Segment Start: Data extract

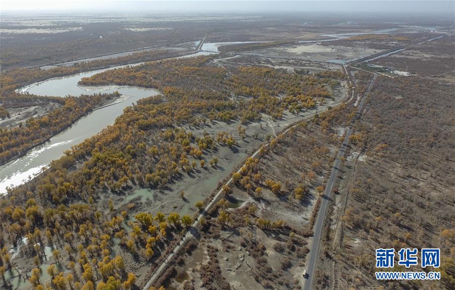 從空中俯瞰新疆尉犁縣喀爾曲尕鄉(xiāng),兩條道路沿著塔里木河岸邊的金色胡楊向前延伸(10月25日無人機(jī)拍攝)。 10月中下旬,靜靜的塔里木河中下游一片金黃。胡楊深處,條條小路蜿蜒綿長通向遠(yuǎn)方,引人入勝。 塔里木河是中國最長的內(nèi)陸河,這一區(qū)域原始胡楊林分布較為集中。隨著塔里木河連續(xù)19次向下游生態(tài)輸水,為胡楊林“解渴”,塔河兩岸生態(tài)得到明顯改善,沙地面積逐年減少。 新華社記者趙戈攝
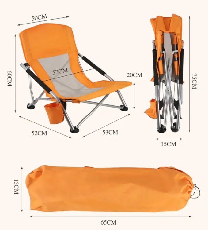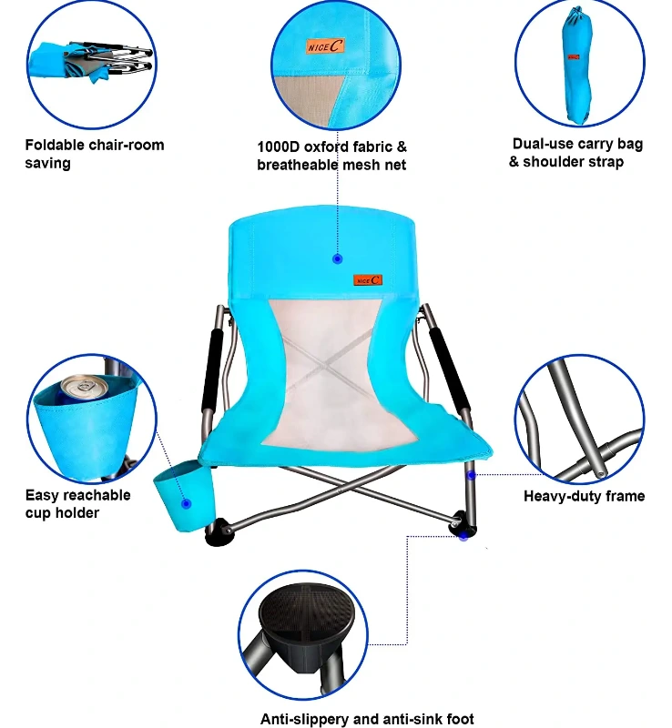 折りたたみ式ビーチセット、大人用の低いビーチチェアカップホルダーとキャリーバッグを備えたポータブルサンドチェアを折りたたんだ。金属製の腕に腕のクッションがあるので、腕を快適に休めることができます。
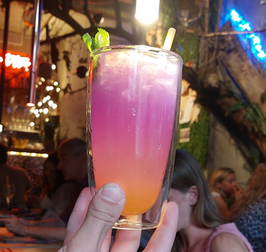 Vorab: Ich würde euch auf jeden Fall empfehlen vorab zu reservieren, wenn ihr ins Onocubes wollt, denn das Restaurant ist nicht besonders groß, weshalb eine Reservierung empfehlnswert ist. Innen ist es super flashy eingerichtet, mit bunten Lichtern, Moos an den Wänden, und einem kargen Baum in der Mitte, von dem Dekoartikel herunterhängen. Wenn ihr ein wenig runter scrollt, könnt ihr die Inneneinrichtung im Hintergrund auf dem Foto mit meinem Drink sehen.
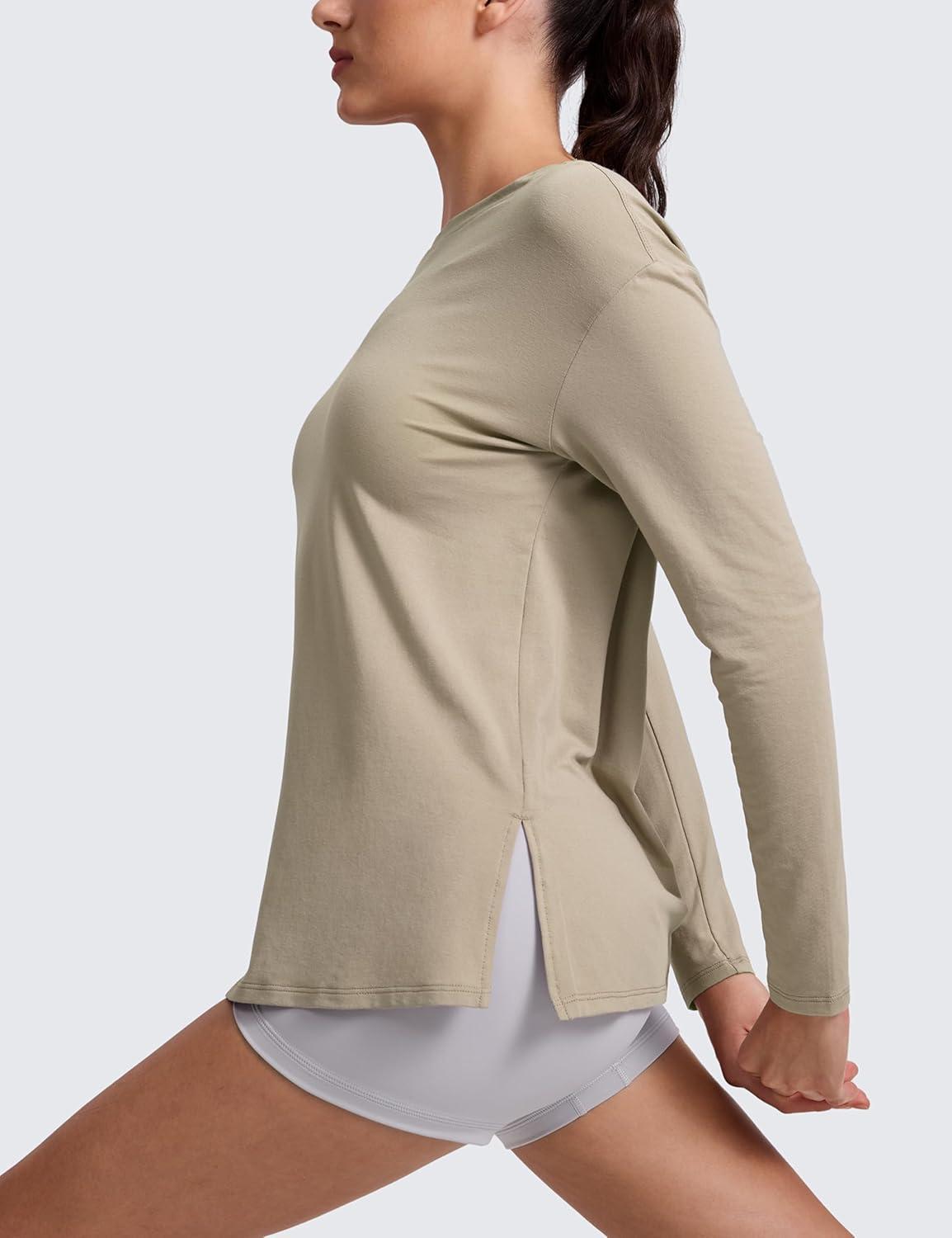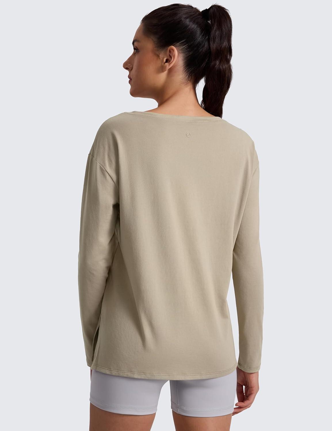 CRZ YOGA Cotton-Blend Long Sleeve Shirts for Women – Boat Neck Workout Athletic Casual Going Out Tops Soft Fall T-Shirt(Oak)
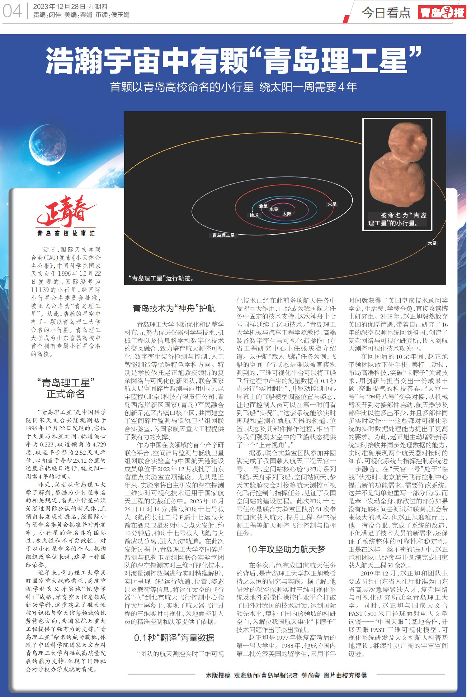 浩瀚宇宙中有颗“青岛理工星”
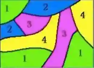 另一个经典的拓扑问题,就是四色问题。与费马问题和哥德巴赫猜想并称为世界三大数学猜想。通俗的说就是:每个平面地图都可以只用四种颜色来染色3,而且没有两个邻接的区域颜色相同。
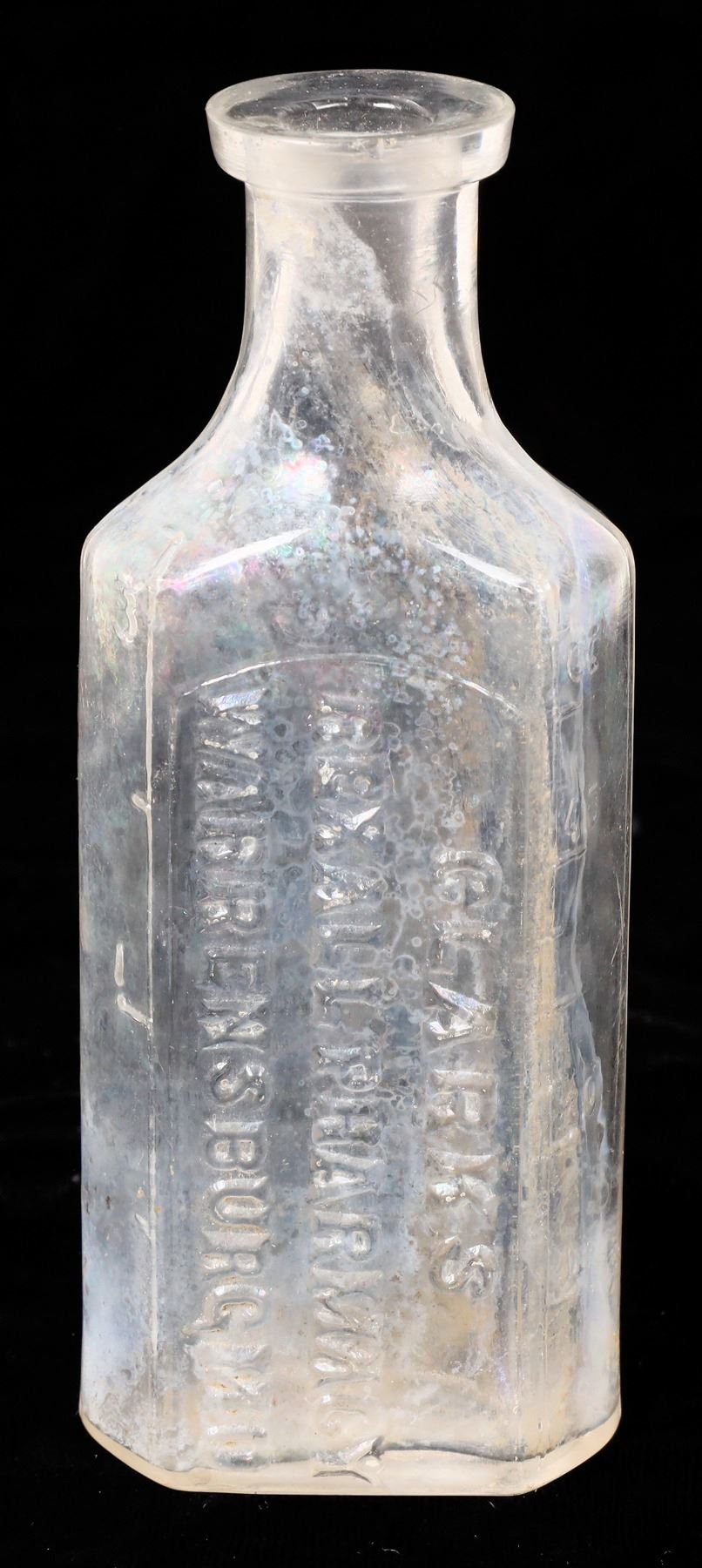 Embossed Clark's Rexall medicine bottle 4.5". No apparent chips or cracks. Missouri Warrensburg Geff Pollock Collection

Segment End: Data extract

* _Your task_
What you give back should be exactly the lines from the top of the data above down to and including the line with "CRZ YOGA Cotton-Blend", minus any pictures.

* _Solution to this problem_
 從空中俯瞰新疆尉犁縣喀爾曲尕鄉(xiāng),兩條道路沿著塔里木河岸邊的金色胡楊向前延伸(10月25日無人機(jī)拍攝)。 10月中下旬,靜靜的塔里木河中下游一片金黃。胡楊深處,條條小路蜿蜒綿長通向遠(yuǎn)方,引人入勝。 塔里木河是中國最長的內(nèi)陸河,這一區(qū)域原始胡楊林分布較為集中。隨著塔里木河連續(xù)19次向下游生態(tài)輸水,為胡楊林“解渴”,塔河兩岸生態(tài)得到明顯改善,沙地面積逐年減少。 新華社記者趙戈攝
 折りたたみ式ビーチセット、大人用の低いビーチチェアカップホルダーとキャリーバッグを備えたポータブルサンドチェアを折りたたんだ。金属製の腕に腕のクッションがあるので、腕を快適に休めることができます。
 Vorab: Ich würde euch auf jeden Fall empfehlen vorab zu reservieren, wenn ihr ins Onocubes wollt, denn das Restaurant ist nicht besonders groß, weshalb eine Reservierung empfehlnswert ist. Innen ist es super flashy eingerichtet, mit bunten Lichtern, Moos an den Wänden, und einem kargen Baum in der Mitte, von dem Dekoartikel herunterhängen. Wenn ihr ein wenig runter scrollt, könnt ihr die Inneneinrichtung im Hintergrund auf dem Foto mit meinem Drink sehen.
 CRZ YOGA Cotton-Blend Long Sleeve Shirts for Women – Boat Neck Workout Athletic Casual Going Out Tops Soft Fall T-Shirt(Oak)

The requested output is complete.